Exercise material

<<<<

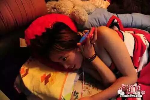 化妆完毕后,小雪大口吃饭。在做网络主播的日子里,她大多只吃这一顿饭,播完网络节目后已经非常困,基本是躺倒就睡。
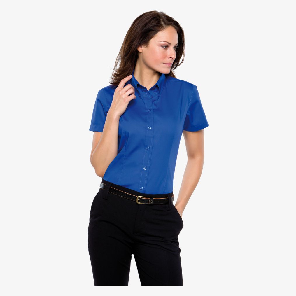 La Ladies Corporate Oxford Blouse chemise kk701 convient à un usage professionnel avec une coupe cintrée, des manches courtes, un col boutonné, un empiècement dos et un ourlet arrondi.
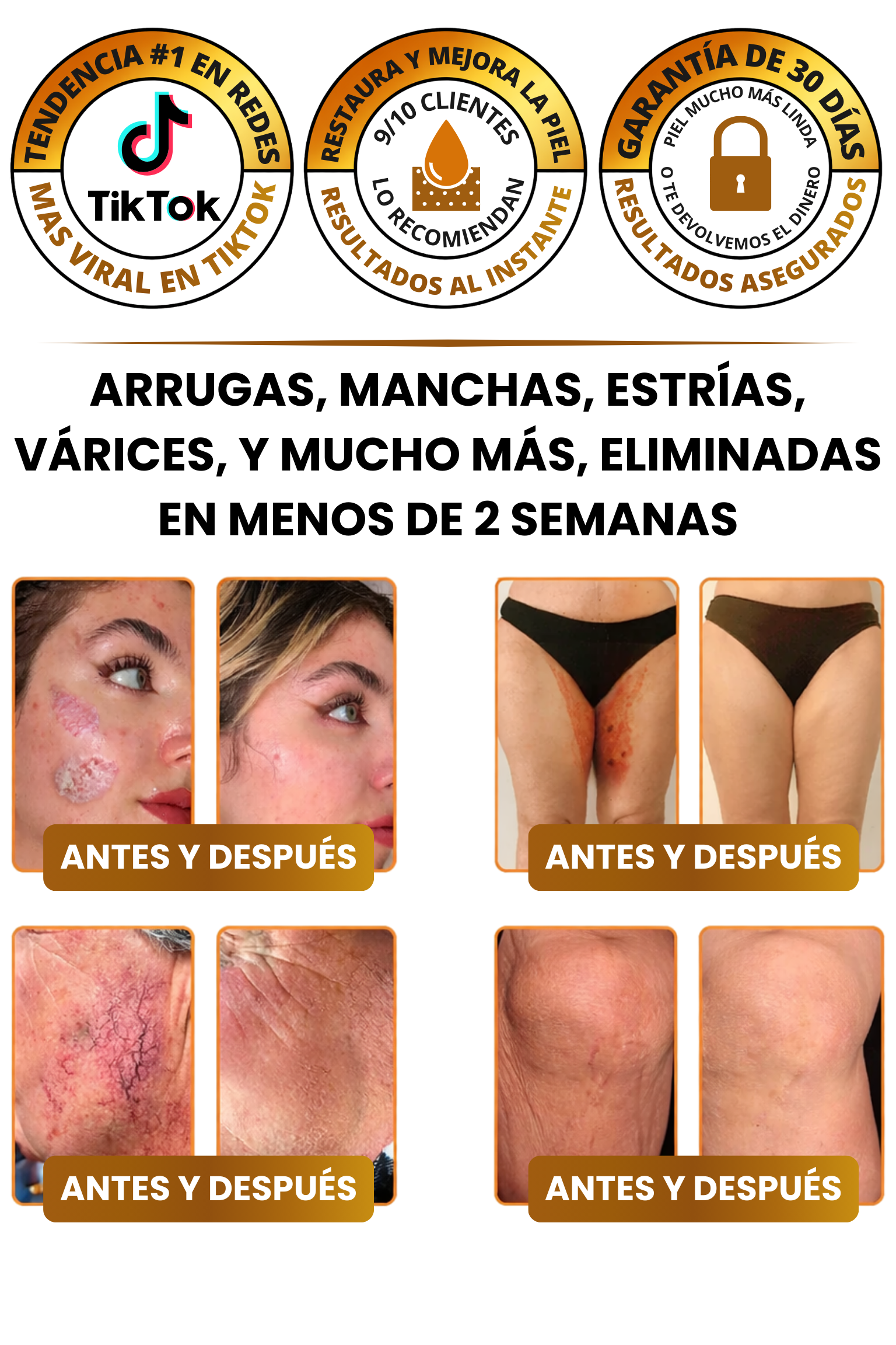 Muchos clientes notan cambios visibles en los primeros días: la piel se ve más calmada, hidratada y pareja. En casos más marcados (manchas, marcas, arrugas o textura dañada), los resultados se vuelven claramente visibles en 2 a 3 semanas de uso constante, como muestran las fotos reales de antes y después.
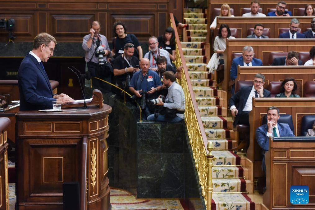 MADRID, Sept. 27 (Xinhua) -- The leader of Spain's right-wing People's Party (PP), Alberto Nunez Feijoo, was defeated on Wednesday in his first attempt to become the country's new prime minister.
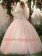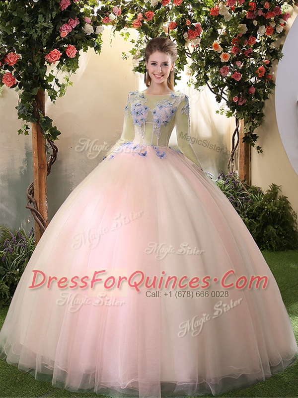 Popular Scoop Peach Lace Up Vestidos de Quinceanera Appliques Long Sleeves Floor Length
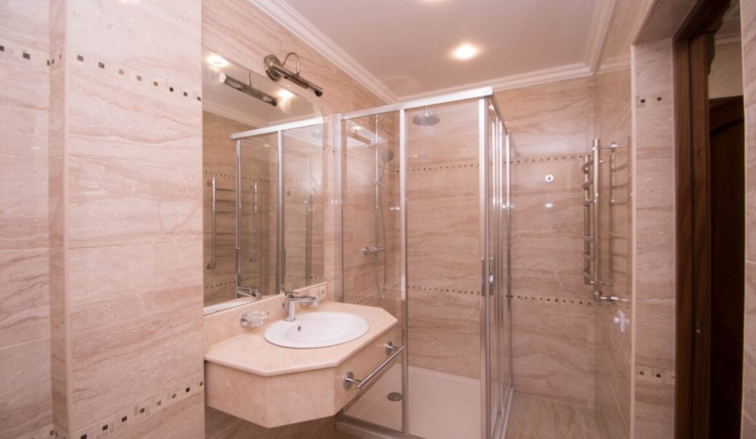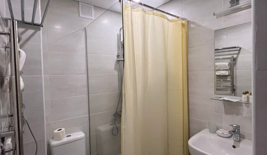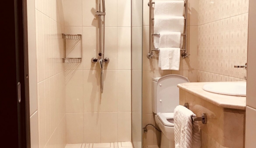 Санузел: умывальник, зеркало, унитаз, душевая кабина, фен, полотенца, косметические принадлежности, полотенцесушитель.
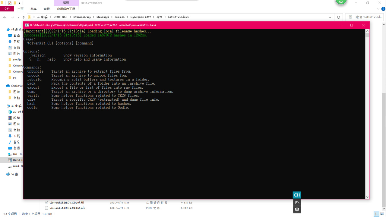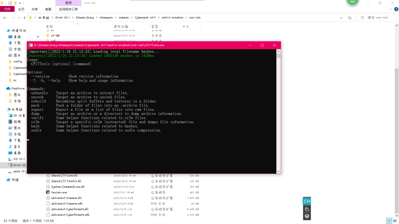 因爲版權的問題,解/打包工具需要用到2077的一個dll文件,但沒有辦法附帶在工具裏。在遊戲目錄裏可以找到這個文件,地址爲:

>>>>
<<<<

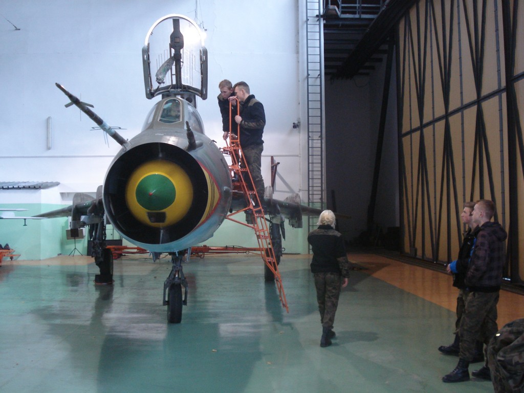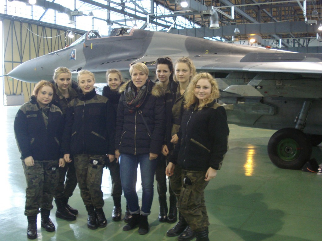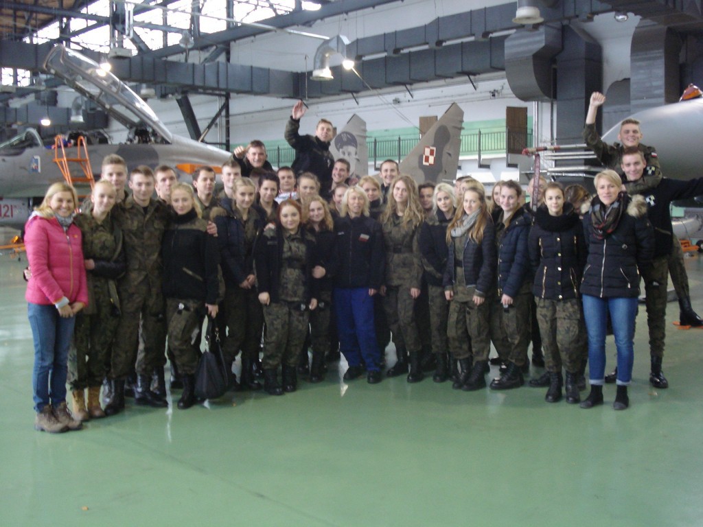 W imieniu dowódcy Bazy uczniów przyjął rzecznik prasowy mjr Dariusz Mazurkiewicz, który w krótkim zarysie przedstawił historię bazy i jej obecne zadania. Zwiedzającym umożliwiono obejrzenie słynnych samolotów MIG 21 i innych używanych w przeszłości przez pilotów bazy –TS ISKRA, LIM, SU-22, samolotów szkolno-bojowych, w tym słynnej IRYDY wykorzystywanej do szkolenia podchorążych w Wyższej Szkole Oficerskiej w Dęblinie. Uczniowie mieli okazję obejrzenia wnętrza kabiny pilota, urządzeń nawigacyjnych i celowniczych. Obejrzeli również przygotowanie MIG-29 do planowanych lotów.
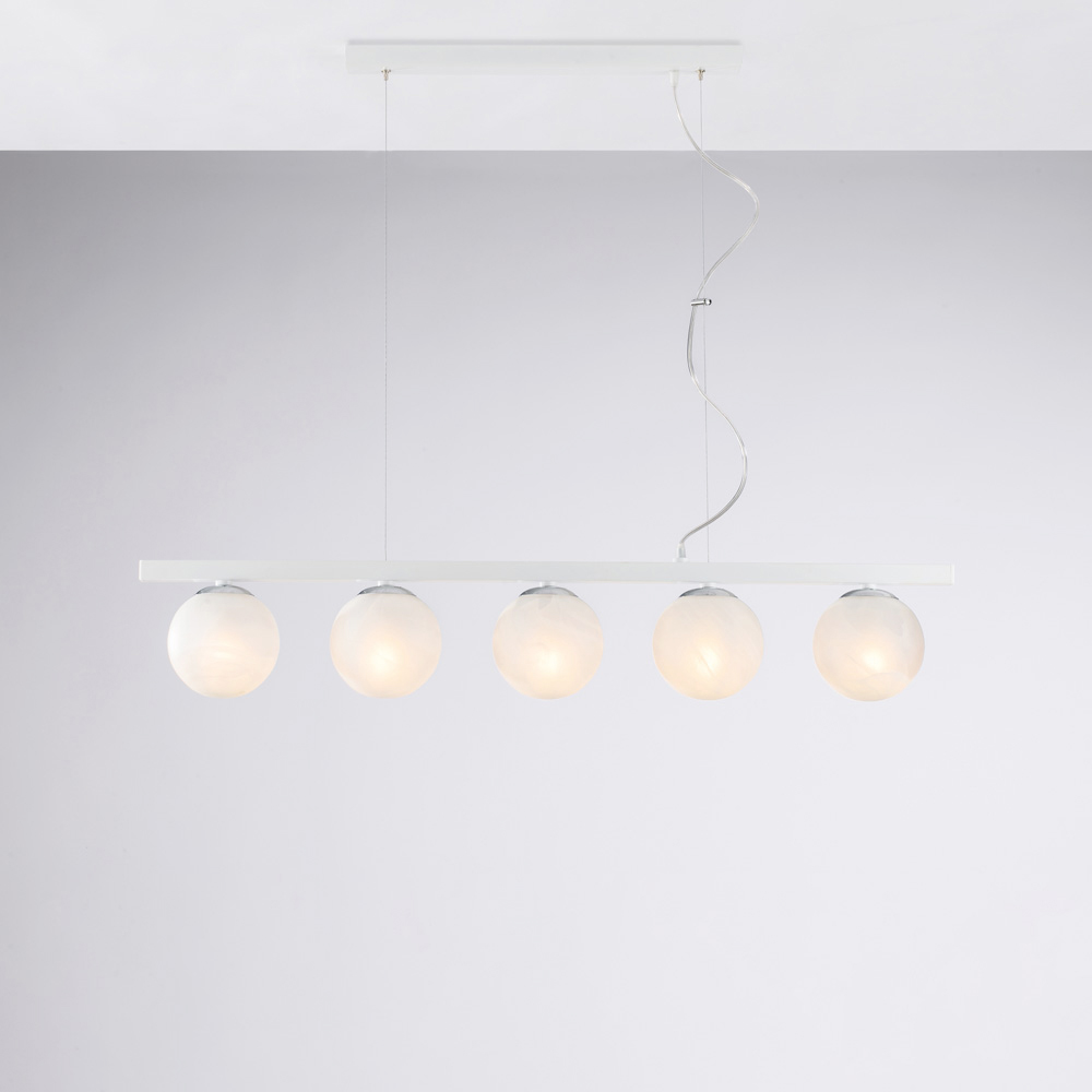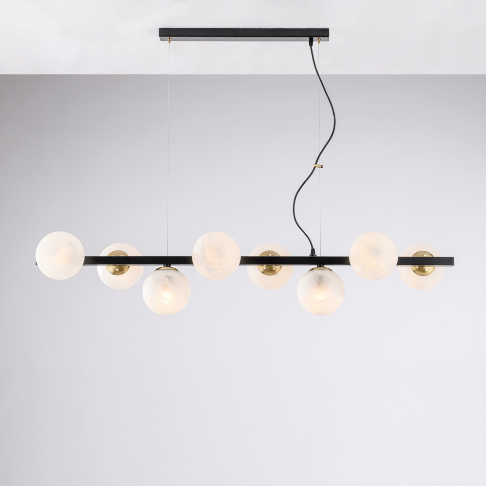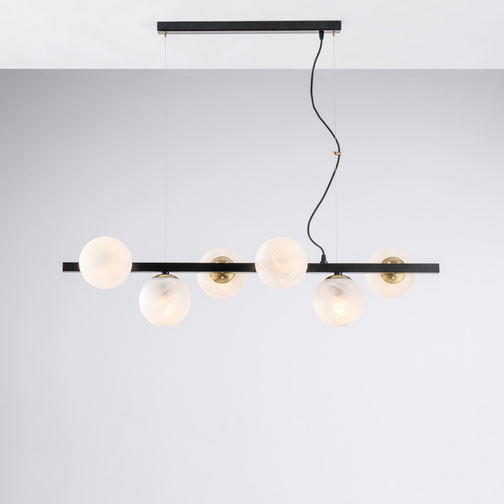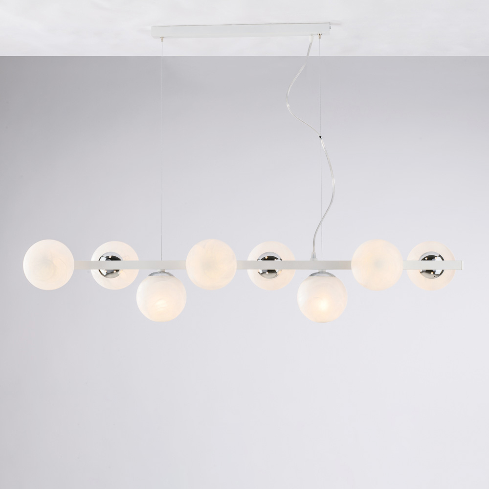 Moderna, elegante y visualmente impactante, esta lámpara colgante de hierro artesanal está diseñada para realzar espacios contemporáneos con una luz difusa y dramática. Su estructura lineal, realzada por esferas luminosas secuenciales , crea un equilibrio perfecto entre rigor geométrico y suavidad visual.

>>>>

What to produce
Starting at the line above that holds "Санузел: умывальник, зеркало, унитаз, душевая", repeat every line exactly down to and including the line that holds "因爲版權的問題,解/打包工具", then stop. Do not carry over any pictures.

Solution to this problem
 Санузел: умывальник, зеркало, унитаз, душевая кабина, фен, полотенца, косметические принадлежности, полотенцесушитель.
 因爲版權的問題,解/打包工具需要用到2077的一個dll文件,但沒有辦法附帶在工具裏。在遊戲目錄裏可以找到這個文件,地址爲:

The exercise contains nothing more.